I was taking photographs when I heard the news. It’s hit me hard. If I type I cant cry. So I am typing.
I feel like I’ve lost my father. Again. Worse this time. This person I knew.
I have just answered the phone to a shaky voice telling me a good friend of mine has died.
Graham Wiseman was more than a friend though. He was a father figure, a mentor, a teacher, the one guy who enabled me to do what I do.
Of course he would deny all this. He was far too humble to take any credit for the kindness and inspiration he passed on to others.
He would do anything for anyone. He did so much for me.
Up until recently Graham owned Redding Photographic studio in Rugby Town centre. The studio had offered it’s services since 1904 and Graham was proud to pick it up and carry it past it’s centenary.
I had I met Graham through his step daughter. I was heading off to travel the world and he told me not to take the ridiculously compact APS camera that was in my back pack.
I ignored him and it was many countries and years later when I returned to Rugby and told Graham he was right.
I was on the dole at the time and could earn an extra tenner a week if I was on a work placement. I asked Graham if he would sign me off not really intending to do any work. He did and even lied to the officials that would pop round and ask how I was doing. I was in a band. I didn’t need a job.
But I found myself spending more and more time in the studio. Whenever I was in town I would pop in.
I got to grips with Photoshop before I learned how to take a decent photo and with access to the studio dark room, I was developing and printing before learning how to use a camera properly.
I felt like a photographer. So I walked into the local newspaper and said I was a photographer. Graham had a way of installing confidence in people. At that point I hadn’t really taken any photos I was truly happy with. Still, someone had phoned while I was in the newspaper offices reporting the photographer had just broken both of her arms in a car crash. And I got the job.

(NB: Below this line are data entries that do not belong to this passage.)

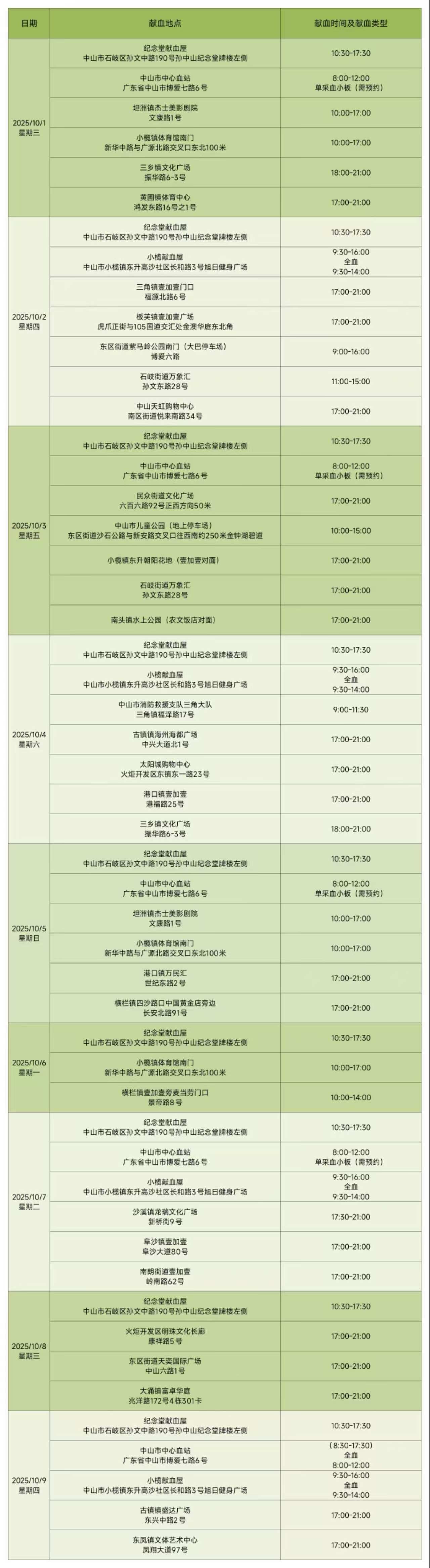 据了解,“热血真情 献礼国庆”活动将于10月1日至10月8日(国庆、中秋假期期间)在中山市各献血点举行。(献血点地点如下图)
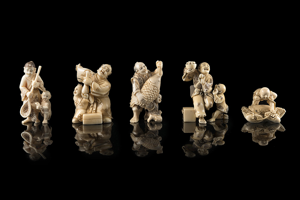 Cinque netsuke in avorio, con firmeGiappone, periodo Meiji (1868-1912)-ENFive...
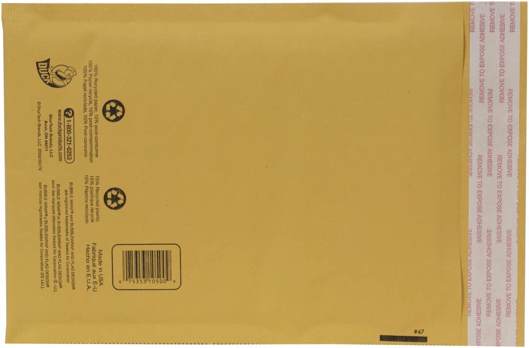 Lightweight, yet durable, Duck Brand Kraft Bubble Mailers help keep a variety of small items safe in the mail while being cost-effective. These mailers are lined with bubble cushioning so you can have more padded protection for shipping valuables you don't want to bend or break in the mail. Available in a wide range of sizes, these mailers are perfect for books, crafts and other compact items. Plus, there's no need to use any tape, making it a durable, dependable and affordable way to mail your belongings.
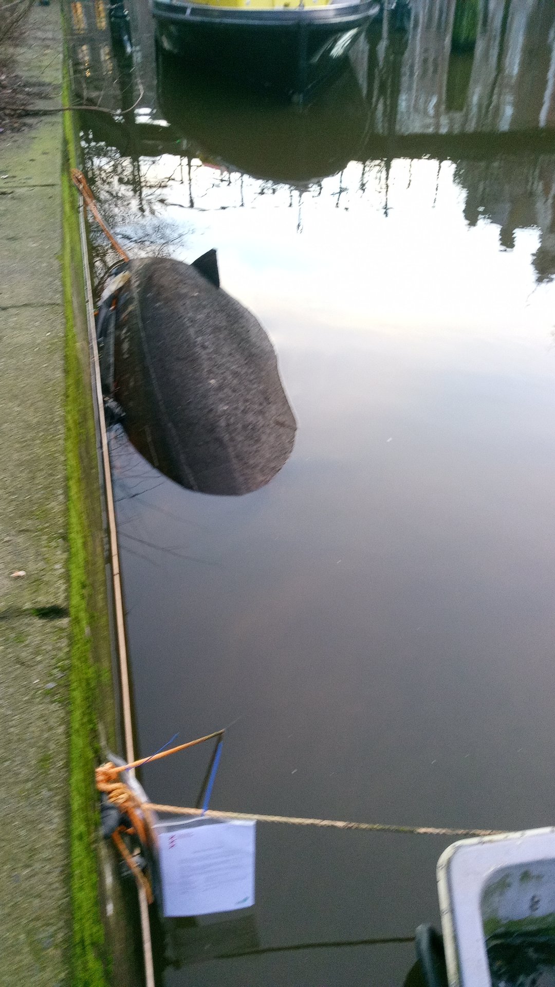 Mededeling opruimen gezonken vaartuig volgens de Wrakkenwet aan Oudezijds Voorburgwal 221 te Amsterdam
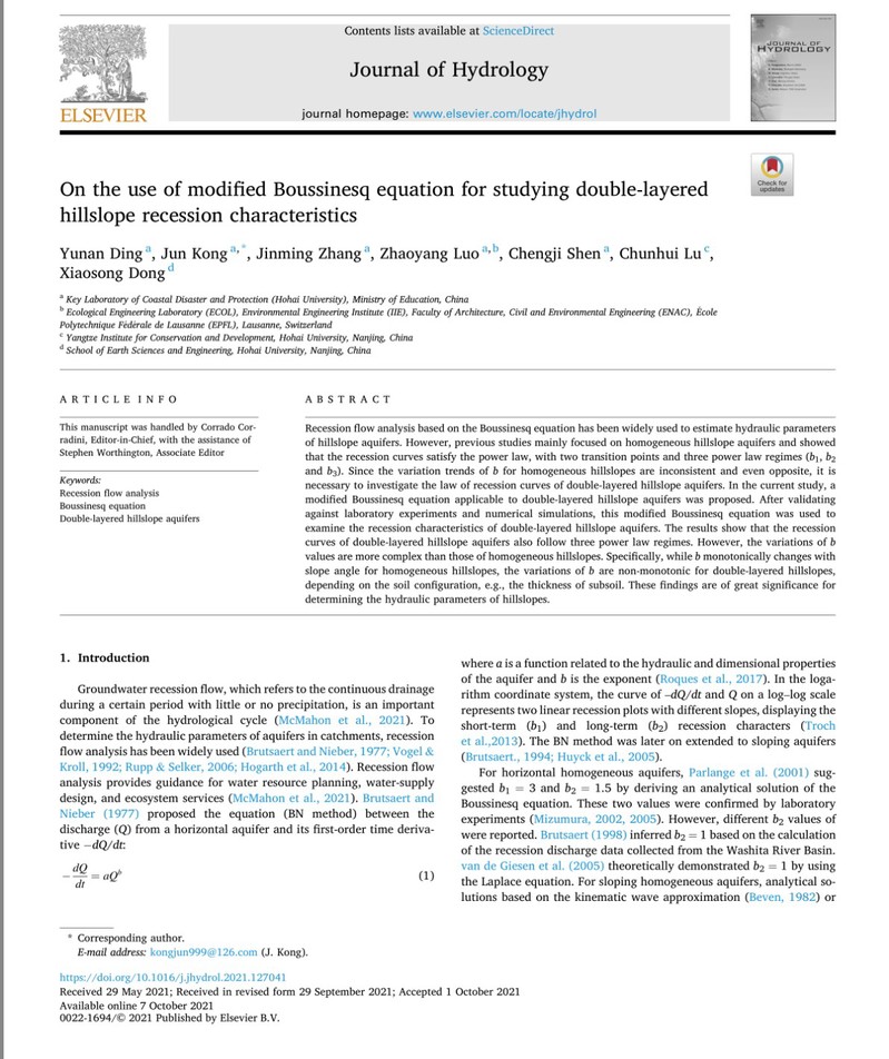 近日,金神赌场 孔俊教授指导的2019级硕士研究生丁宇楠在《Journal of Hydrology》上发表了题为“On the use of modified Boussinesq equation for studying double-layered Hillslope Recession Characteristics”的学术论文。该研究是继孔俊教授2016年提出的Kong-HSB理论的又一重要突破。
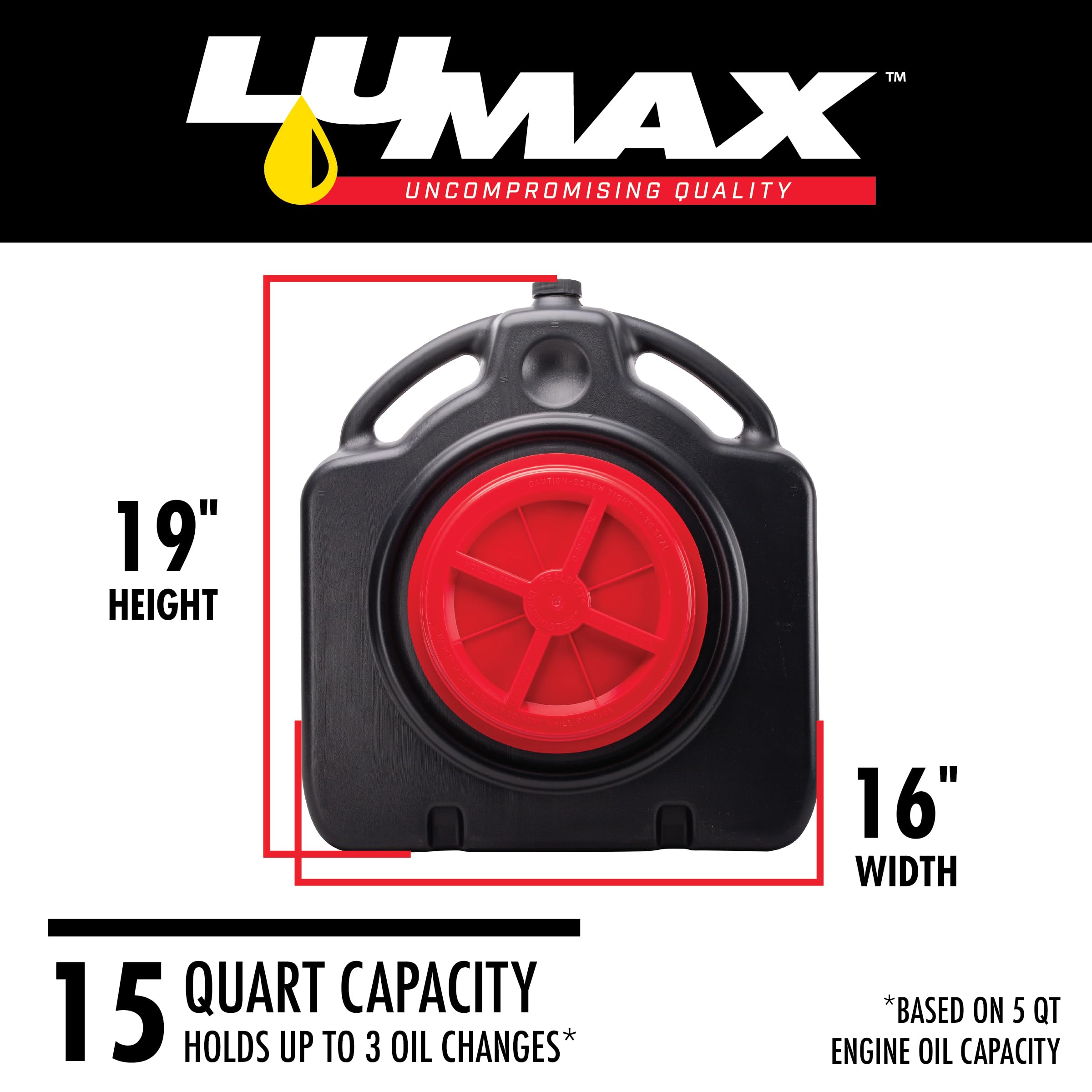 Lumax LX-1632 Black 15 Quart Drain master Drain Pan and Waste Oil Storage. Ideal for Oil Recycling, Drain Direct - No Oily Tub, Funnel, or Mess. No Mess to Clean-Up on Top or Side. Comes complete with Wheels for Slosh-Free Mobility. Catch-All Basket to retrieve Drain Plugs and Filter. Large Drain opening accommodates Dirty Oil Filters. Large 8" (20 cm) Opening with Screw Cap. Lumax is a manufacturer of lubrication and fluid management products. Our products, including grease guns, manual and electric pumps, funnels, drains, grease fittings, filter wrenches, and accessories, are built to the highest standards and incorporate many proprietary features. Lumax's mission is to provide professionals and consumers with innovative and high-quality products to get the job done right. Product development at Lumax goes beyond the physical product, to a deeper understanding of the end-users' needs. Engineered with the "user-in-mind, " Lumax products are built to the highest standards and incorporate many unique features that make work easier, faster and cost-effective. We have a passion for the design process. We listen to our customers and their ever-expanding requirements. Our unique products lead the field in design, quality, and performance.

That night I remember the both of us reading the manual of the newspapers weighty digital SLR. One of the first. We marveled at the technology. I knew I was hooked.
Still not wanting me to learn the wrong way, Graham gave me an old 1950’s manual rangefinder telling me it would do till I could afford a Leica. He was only half Joking.

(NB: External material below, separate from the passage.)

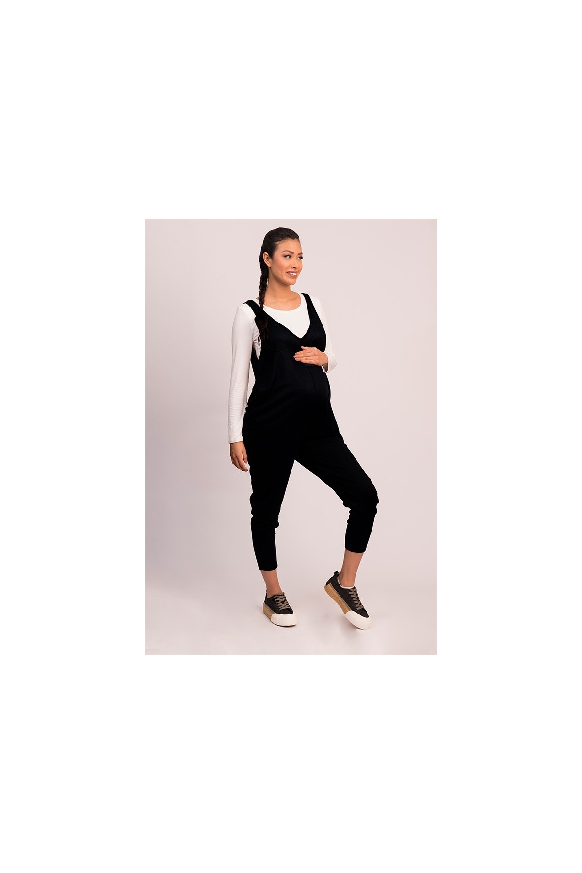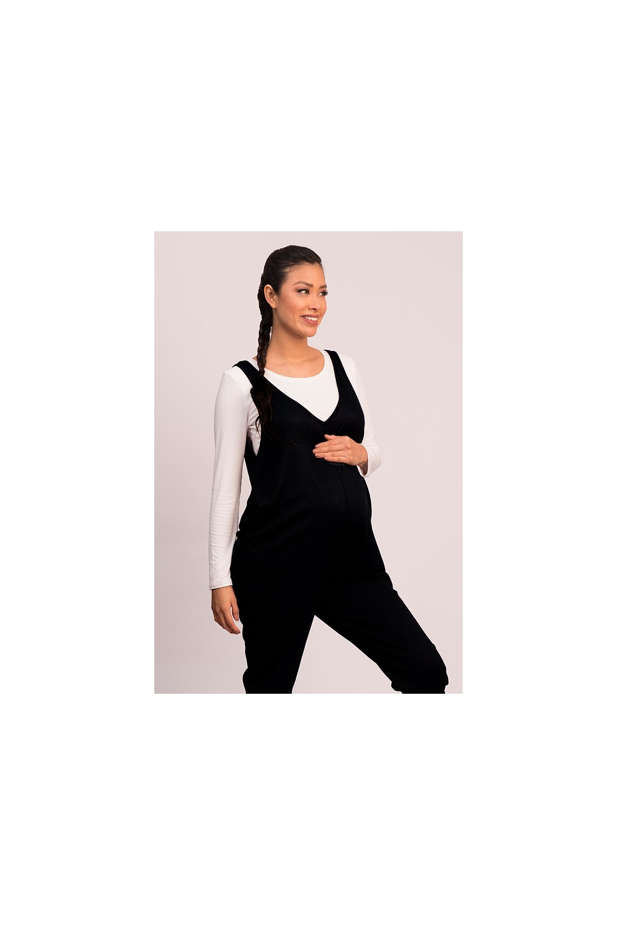 El enterizo de maternidad Roro negro es una prenda moderna, práctica y ultra cómoda, ideal para crear looks rápidos durante el embarazo. Su diseño versátil se ajusta al crecimiento de tu pancita y también es perfecto para seguir usándolo en el postparto.

One day he handed me a massive set of keys to his studio with a heavy keyring bearing my initials in brass. I was gobsmacked. Moved. He said anytime in the evening or on Sundays his studio was mine.
It was one of the single most enabling things anyone has done for me. The trust, the faith, the generosity just made me want to be as good as I could possibly be. This was my office in town. A place to shoot photos should I want to, but mainly to surround myself in the tech, the history and the art.
A few months later I was taking photos for the dailies, a few more after that I bought a Leica M6. I proudly showed Graham the first frame off my first film.
He said “You’ve got it.” He didn’t mean photography. He said I’d never stop learning and he was right. He meant I had captured ‘The Decisive Moment‘ and he handed me a book by Henri Cartier Bresson.
Over the next few years we shared books, magazines, camera purchases and his studio. We rarely worked together as we shot different subjects but we spent many hours chatting, browsing Ebay for tech and putting the world to rights.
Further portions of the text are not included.